LCIA and Ghana Arbitration Centre symposium: the new Alternative Dispute Resolution Act 2010 | Practical Law

Funke Adekoya (Partner), ǼLEX

LCIA and Ghana Arbitration Centre symposium: the new Alternative Dispute Resolution Act 2010

Published on 01 Dec 2010Ghana
Funke Adekoya (Partner), ǼLEX
The LCIA African Users Council held its first ever meeting in Accra, Ghana from 4 – 5 November 2010. The event, supported by the Ghana Arbitration Centre, had about 180 delegates in attendance representing countries in East and Central Africa, as well as countries in Europe.
The Ghanaian arbitration community seized the opportunity to present its recently enacted Alternative Dispute Resolution Act (Act 798 of 2010), which repealed the Arbitration Act 1961. In contrast to the previous enactment, this new legislation provides for the settlement of disputes by mediation and customary arbitration, in addition to regular arbitration processes.
A thorough review of the Act ensued. Unlike many other countries which have enacted the UNCITRAL Model Law (with or without modifications) as their local law, Ghana has looked to the English Arbitration Act 1996 (1996 Act) instead for guidance in drafting its arbitration legislation. As with the 1996 Act, party autonomy is a key feature of the new legislation, with the majority of the arbitral tribunal's powers being exercisable only if the parties do not agree otherwise.
Practical guidance on conducting an arbitration in Ghana, along with some cultural issues, were also presented to the meeting.
On the second day, judicial intervention and the role of the courts in Ghana was examined. Perhaps in an effort to indicate support for arbitration, the new legislation provides greater opportunities for court intervention when compared to most Model Law-based arbitration laws. If a court before which a matter is pending takes the view that the matter can be better resolved by arbitration, it can refer the matter to arbitration if the parties provide written consent - even if there is no arbitration agreement between the parties. A court can also, of its own volition, stay proceedings and refer the parties to arbitration once an arbitration agreement is found to exist between the parties. Parties can also:
  • Apply to the court in arbitrator challenge proceedings.

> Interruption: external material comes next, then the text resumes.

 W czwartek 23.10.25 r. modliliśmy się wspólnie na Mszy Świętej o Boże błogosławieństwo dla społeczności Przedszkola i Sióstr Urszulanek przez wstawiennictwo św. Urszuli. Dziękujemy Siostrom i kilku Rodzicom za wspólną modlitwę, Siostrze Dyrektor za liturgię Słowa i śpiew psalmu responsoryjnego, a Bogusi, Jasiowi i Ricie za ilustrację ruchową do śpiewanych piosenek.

  • Ask the court to revoke the appointment of an arbitrator.
  • Ask the court to intervene in disputes regarding arbitrator fees where the arbitrator has exercised a right of lien over the award.

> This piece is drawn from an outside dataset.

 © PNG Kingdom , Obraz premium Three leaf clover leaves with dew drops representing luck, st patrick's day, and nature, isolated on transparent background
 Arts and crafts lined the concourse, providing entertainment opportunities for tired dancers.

In an effort to further promote Ghana as an arbitration friendly venue, section 114 of the Act establishes the Alternative Dispute Resolution Centre (ADR Centre). The ADR Centre's functions include maintaining a register of arbitrators and mediators, providing guidelines on fees for arbitrators, mediators and customary arbitrators and if required reviewing and advising on changes to the arbitration and mediation rules. Section 125 also creates the Alternative Dispute Resolution Fund to be used to educate the public on ADR principles and to fund research.
The new ADR Centre sparked the most lively debate of the day as, although section 116 asserts the independence of the Centre, its governing board is appointed by the President of Ghana and the composition of its membership is to represent various interest groups (for example, the Chamber of Commerce). Their salaries and allowances are determined by the Ministry of Finance, while the President may unilaterally revoke the appointment of any member. Sections 129 and 130 also empower the President to appoint the Executive Secretary of the Centre as well as other staff. On the advice of the board, the Minister for Justice may make regulations by legislative instrument on various matters to give effect to the provisions of the Act.

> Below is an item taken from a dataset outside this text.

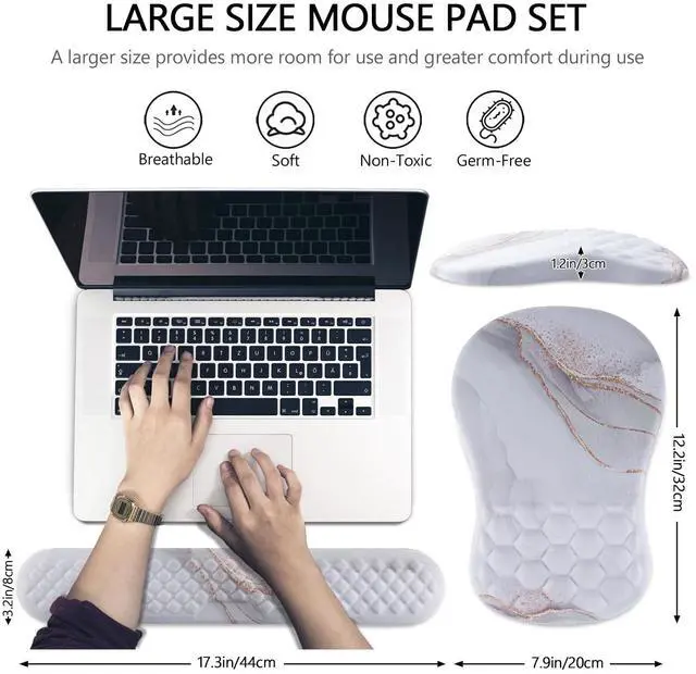 Introducing our revolutionary 2-in-1 Ergonomic Support for your workspace! Say goodbye to discomfort and hello to enhanced productivity and comfort with our carefully crafted mouse pad wrist support and keyboard wrist rest set.

While government support for the development of arbitration is commendable, this direct involvement by the government detracts from the arbitration friendly position that the country is trying to promote. Local practitioners (who indicated that they had not been consulted when the Act was being drafted) concluded that the extent of government intervention was counter-productive and not in the interest of the growth of arbitration in the country. Under the auspices of the Ghana Arbitration Centre, practitioners indicated their intention to propose a drastic review of the Act, in order to strictly delimit the supervisory relationship of the government over the ADR Centre.